## What is needed
In the data below, the answer is the run of lines from the line containing "ଜନ୍ମ ହୋଇଥିବା ହାତୀ ଶାବକ।" through the line containing "1958年3月29日，毛泽东", both included; print it exactly and nothing else.

Items from a dataset

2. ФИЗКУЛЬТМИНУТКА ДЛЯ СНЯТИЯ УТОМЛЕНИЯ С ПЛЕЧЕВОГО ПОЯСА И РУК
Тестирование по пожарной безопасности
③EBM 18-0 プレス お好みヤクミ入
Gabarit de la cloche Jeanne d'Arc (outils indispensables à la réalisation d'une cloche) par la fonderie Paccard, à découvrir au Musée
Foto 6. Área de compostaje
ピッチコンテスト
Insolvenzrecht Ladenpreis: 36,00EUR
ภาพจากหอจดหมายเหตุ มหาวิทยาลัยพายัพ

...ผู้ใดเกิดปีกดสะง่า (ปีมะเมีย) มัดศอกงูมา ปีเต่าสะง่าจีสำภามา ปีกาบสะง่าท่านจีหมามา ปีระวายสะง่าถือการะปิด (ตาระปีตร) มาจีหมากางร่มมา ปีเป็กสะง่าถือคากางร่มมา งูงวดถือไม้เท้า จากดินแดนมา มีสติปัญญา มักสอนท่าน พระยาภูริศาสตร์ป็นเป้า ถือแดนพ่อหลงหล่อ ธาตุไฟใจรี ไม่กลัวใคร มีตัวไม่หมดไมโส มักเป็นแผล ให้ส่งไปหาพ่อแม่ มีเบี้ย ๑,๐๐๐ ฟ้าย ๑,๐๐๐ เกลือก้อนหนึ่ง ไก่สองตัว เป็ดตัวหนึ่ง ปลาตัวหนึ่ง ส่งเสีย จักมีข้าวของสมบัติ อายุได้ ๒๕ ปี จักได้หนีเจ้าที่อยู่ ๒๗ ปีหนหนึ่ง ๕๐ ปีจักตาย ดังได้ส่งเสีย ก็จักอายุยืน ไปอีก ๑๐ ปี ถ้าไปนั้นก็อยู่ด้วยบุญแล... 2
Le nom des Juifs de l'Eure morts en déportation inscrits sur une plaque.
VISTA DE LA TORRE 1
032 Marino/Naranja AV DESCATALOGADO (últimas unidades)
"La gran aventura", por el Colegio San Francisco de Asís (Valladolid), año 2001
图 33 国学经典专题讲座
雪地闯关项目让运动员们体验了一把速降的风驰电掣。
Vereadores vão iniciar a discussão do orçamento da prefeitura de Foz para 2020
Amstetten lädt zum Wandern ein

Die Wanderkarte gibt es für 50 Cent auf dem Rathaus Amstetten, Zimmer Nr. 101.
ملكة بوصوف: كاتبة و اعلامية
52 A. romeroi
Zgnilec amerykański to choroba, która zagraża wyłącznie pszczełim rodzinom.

* * *

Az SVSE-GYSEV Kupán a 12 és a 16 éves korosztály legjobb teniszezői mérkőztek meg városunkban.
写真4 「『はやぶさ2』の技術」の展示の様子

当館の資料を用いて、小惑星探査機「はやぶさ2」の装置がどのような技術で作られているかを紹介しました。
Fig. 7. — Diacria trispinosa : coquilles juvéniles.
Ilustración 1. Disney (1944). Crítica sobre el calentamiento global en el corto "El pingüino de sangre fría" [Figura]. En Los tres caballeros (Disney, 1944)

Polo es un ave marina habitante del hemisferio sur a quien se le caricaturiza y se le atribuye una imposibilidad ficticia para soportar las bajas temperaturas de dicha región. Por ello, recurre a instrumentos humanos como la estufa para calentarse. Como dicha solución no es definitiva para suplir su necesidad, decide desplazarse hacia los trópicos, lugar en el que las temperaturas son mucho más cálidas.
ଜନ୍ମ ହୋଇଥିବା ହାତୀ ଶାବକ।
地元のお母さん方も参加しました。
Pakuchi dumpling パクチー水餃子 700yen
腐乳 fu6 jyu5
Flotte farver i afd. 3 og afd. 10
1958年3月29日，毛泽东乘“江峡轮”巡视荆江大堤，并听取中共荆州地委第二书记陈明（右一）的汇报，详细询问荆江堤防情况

---

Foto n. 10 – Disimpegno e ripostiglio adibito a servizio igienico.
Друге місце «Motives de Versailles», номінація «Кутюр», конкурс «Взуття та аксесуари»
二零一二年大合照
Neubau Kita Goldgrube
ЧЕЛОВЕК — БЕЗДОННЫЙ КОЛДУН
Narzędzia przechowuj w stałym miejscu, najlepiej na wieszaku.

## Solution below
ଜନ୍ମ ହୋଇଥିବା ହାତୀ ଶାବକ।
地元のお母さん方も参加しました。
Pakuchi dumpling パクチー水餃子 700yen
腐乳 fu6 jyu5
Flotte farver i afd. 3 og afd. 10
1958年3月29日，毛泽东乘“江峡轮”巡视荆江大堤，并听取中共荆州地委第二书记陈明（右一）的汇报，详细询问荆江堤防情况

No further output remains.